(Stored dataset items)
>>>>
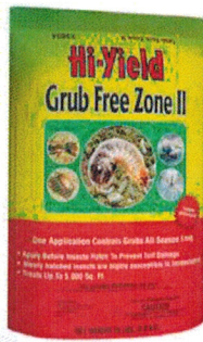
Grub Free Zone II (Grub Control) May
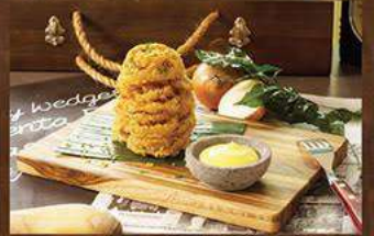
Onion Rings 38 Thin hand-cut onions, breaded, deep fried served with Balinese Mayo.
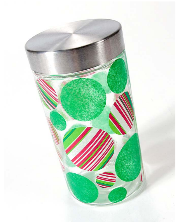
I definitely like Christmas, but sometimes I like it subtle. This holiday container celebrates the colors of the season – and if you like a little more bling, you can dress it up with added embellishments.
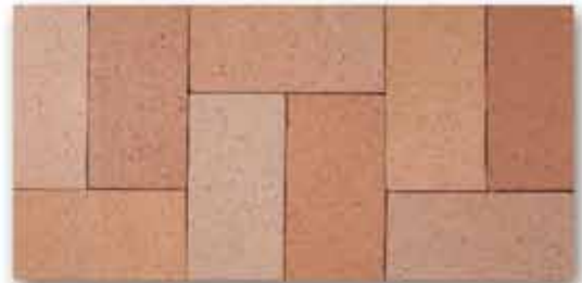
MADRID BLEND PAVER
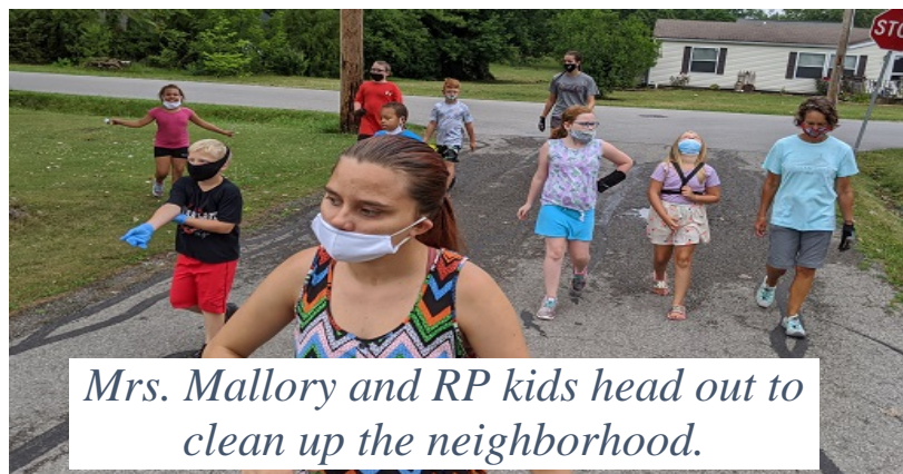
Mrs. Mallory and RP kids head out to clean up the neighborhood.
<<<<
Problem to work on — Hand back all the entries exactly, leaving out the pictures.

Solution for this task —
Grub Free Zone II (Grub Control) May
Onion Rings 38 Thin hand-cut onions, breaded, deep fried served with Balinese Mayo.
I definitely like Christmas, but sometimes I like it subtle. This holiday container celebrates the colors of the season – and if you like a little more bling, you can dress it up with added embellishments.
MADRID BLEND PAVER
Mrs. Mallory and RP kids head out to clean up the neighborhood.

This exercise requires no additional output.